CSV River strange behavior

Hi all,

I have recently replaced my bulk import mechanism (PHP and bulk API) with river csv. What I have noticed so far is a strange behavior that shows up after a certain index size (around 10.000.000 docs and ~1.5G disk size). So when the index is small everything works fine, I have set the bulk_size=1000, concurrent_requests=4 and bulk_threashold=10. After a couple of hours when index become bigger the whole process slows down and the import of .csv files becomes really slow. I have checked the elastic .log files and I figured out that the execution circle (polling time) of the import is interrupted. For instance here is what I get from the logs

logs

[2015-02-23 20:08:55,135][INFO ][org.agileworks.elasticsearch.river.csv.CSVRiver] [Domina] [csv][maxweb] File has been processed 54eb7eed2bbe9.csv.processing
[2015-02-23 20:08:55,136][INFO ][org.agileworks.elasticsearch.river.csv.CSVRiver] [Domina] [csv][maxweb] File 54eb7eed2bbe9.csv.processing, processed lines 2300
[2015-02-23 20:08:55,137][INFO ][org.agileworks.elasticsearch.river.csv.CSVRiver] [Domina] [csv][maxweb] Processing file 54eb81de7e37f.csv
[2015-02-23 20:08:55,146][INFO ][org.agileworks.elasticsearch.river.csv.CSVRiver] [Domina] [csv][maxweb] Going to execute new bulk composed of 1000 actions
[2015-02-23 20:09:52,079][ERROR][marvel.agent.exporter ] [Domina] error sending data to [http://[0:0:0:0:0:0:0:0]:9200/.marvel-2015.02.23/_bulk]: [SocketTimeoutException[Read timed out]]

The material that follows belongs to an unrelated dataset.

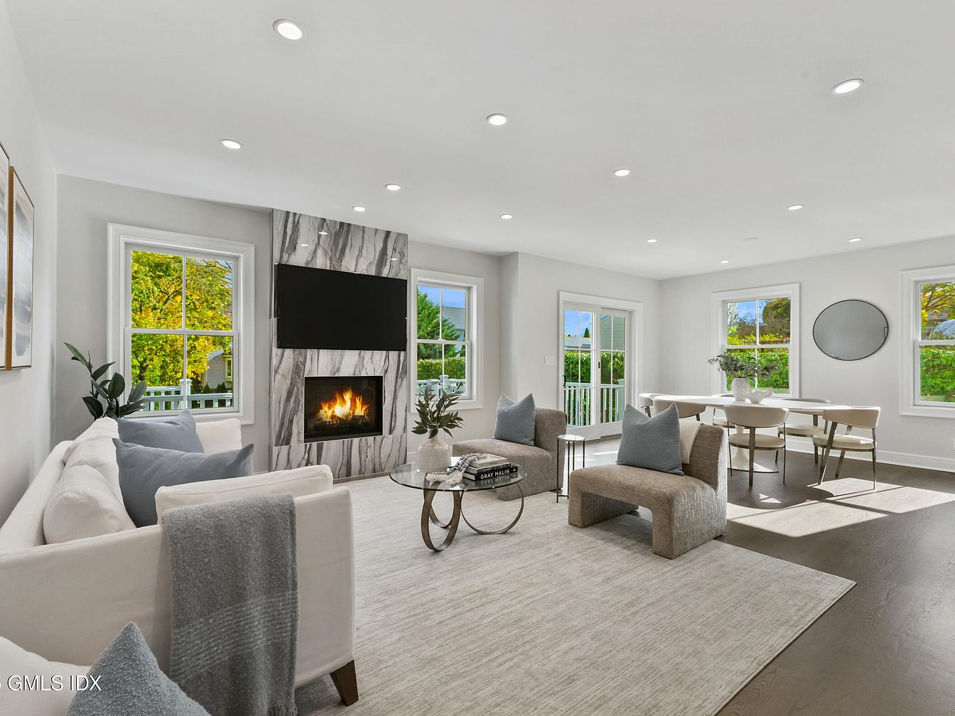 This modern living room features a bright and airy atmosphere with large windows allowing natural light to flood the space. A sleek marble fireplace serves as a stunning focal point, complemented by a mounted flat-screen TV above. The neutral color palette, consisting of soft whites and grays, is accentuated by cozy throw pillows. A plush area rug anchors the room, while a contemporary glass coffee table reflects the light. To the side, a stylish dining area showcases elegant chairs around a minimalist table, enhancing the overall chic and inviting vibe of the space.

[2015-02-23 20:09:54,170][INFO ][org.agileworks.elasticsearch.river.csv.CSVRiver] [Domina] [csv][maxweb] Executed bulk composed of 1000 actions
[2015-02-23 20:09:54,286][INFO ][org.agileworks.elasticsearch.river.csv.CSVRiver] [Domina] [csv][maxweb] Going to execute new bulk composed of 1000 actions
[2015-02-23 20:10:41,762][INFO ][org.agileworks.elasticsearch.river.csv.CSVRiver] [Domina] [csv][maxweb] Executed bulk composed of 1000 actions
[2015-02-23 20:10:41,911][INFO ][org.agileworks.elasticsearch.river.csv.CSVRiver] [Domina] [csv][maxweb] Going to execute new bulk composed of 1000 actions
[2015-02-23 20:10:52,411][ERROR][marvel.agent.exporter ] [Domina] error sending data to [http://[0:0:0:0:0:0:0:0]:9200/.marvel-2015.02.23/_bulk]: SocketTimeoutException[Read timed out]

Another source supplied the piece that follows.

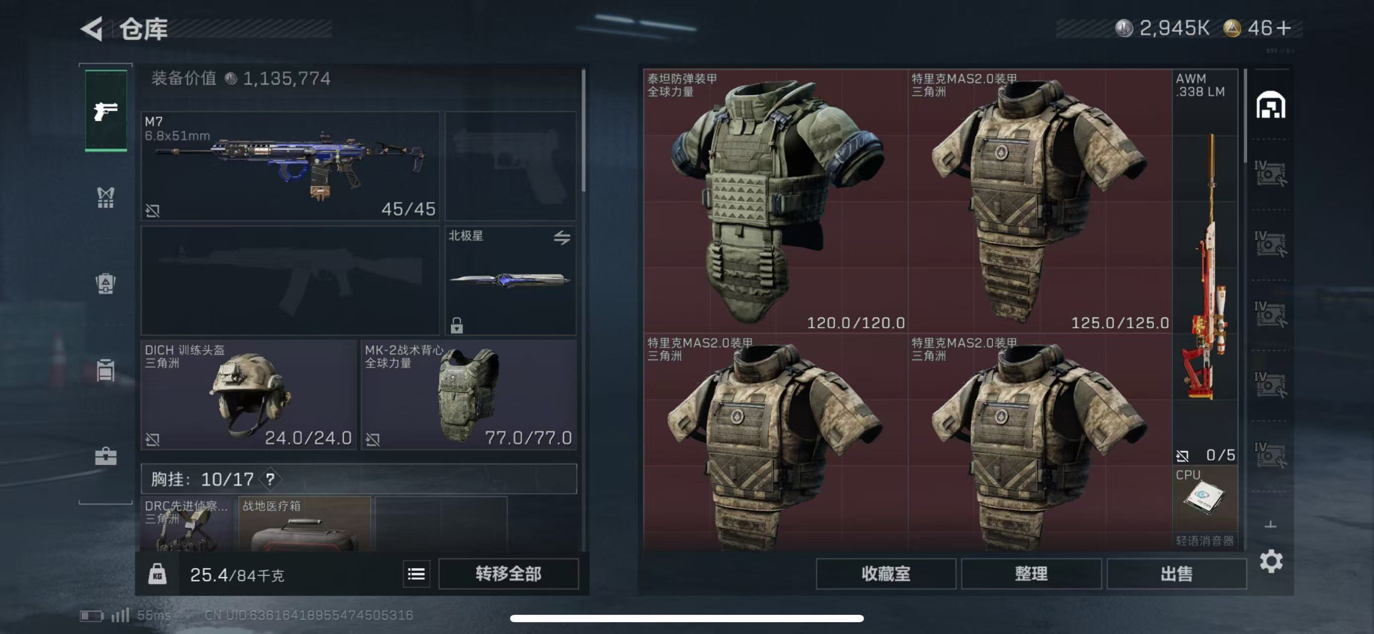 总资产189.17M,哈夫币 2945.98K,战场等级:28 上等兵,行动等级:60 钻石,角色皮

[2015-02-23 20:11:37,582][INFO ][org.agileworks.elasticsearch.river.csv.CSVRiver] [Domina] [csv][maxweb] Executed bulk composed of 1000 actions
[2015-02-23 20:11:37,758][INFO ][org.agileworks.elasticsearch.river.csv.CSVRiver] [Domina] [csv][maxweb] File has been processed 54eb81de7e37f.csv.processing
[2015-02-23 20:11:37,759][INFO ][org.agileworks.elasticsearch.river.csv.CSVRiver] [Domina] [csv][maxweb] File 54eb81de7e37f.csv.processing, processed lines 2985
[2015-02-23 20:11:37,759][INFO ][org.agileworks.elasticsearch.river.csv.CSVRiver] [Domina] [csv][maxweb] Processing file 54eb807bf351c.csv
[2015-02-23 20:11:37,765][INFO ][org.agileworks.elasticsearch.river.csv.CSVRiver] [Domina] [csv][maxweb] Going to execute new bulk composed of 1000 actions
[2015-02-23 20:12:02,830][ERROR][marvel.agent.exporter ] [Domina] error sending data to [http://[0:0:0:0:0:0:0:0]:9200/.marvel-2015.02.23/_bulk]: SocketTimeoutException[Read timed out]

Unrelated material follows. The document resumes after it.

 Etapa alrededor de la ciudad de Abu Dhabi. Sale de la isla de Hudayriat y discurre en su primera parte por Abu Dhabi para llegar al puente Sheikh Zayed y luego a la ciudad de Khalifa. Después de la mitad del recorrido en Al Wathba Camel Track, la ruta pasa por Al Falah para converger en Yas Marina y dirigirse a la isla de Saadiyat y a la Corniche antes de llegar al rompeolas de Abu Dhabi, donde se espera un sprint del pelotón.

[2015-02-23 20:12:30,479][INFO ][org.agileworks.elasticsearch.river.csv.CSVRiver] [Domina] [csv][maxweb] Executed bulk composed of 1000 actions
[2015-02-23 20:12:30,536][INFO ][org.agileworks.elasticsearch.river.csv.CSVRiver] [Domina] [csv][maxweb] Going to execute new bulk composed of 1000 actions
[2015-02-23 20:13:03,132][ERROR][marvel.agent.exporter ] [Domina] error sending data to [http://[0:0:0:0:0:0:0:0]:9200/.marvel-2015.02.23/_bulk]: [SocketTimeoutException[Read timed out]]
[2015-02-23 20:13:24,458][INFO ][org.agileworks.elasticsearch.river.csv.CSVRiver] [Domina] [csv][maxweb] Executed bulk composed of 1000 actions
[2015-02-23 20:13:24,581][INFO ][org.agileworks.elasticsearch.river.csv.CSVRiver] [Domina] [csv][maxweb] Going to execute new bulk composed of 1000 actions
[2015-02-23 20:14:03,423][ERROR][marvel.agent.exporter ] [Domina] error sending data to [http://[0:0:0:0:0:0:0:0]:9200/.marvel-2015.02.23/_bulk]: SocketTimeoutException[Read timed out]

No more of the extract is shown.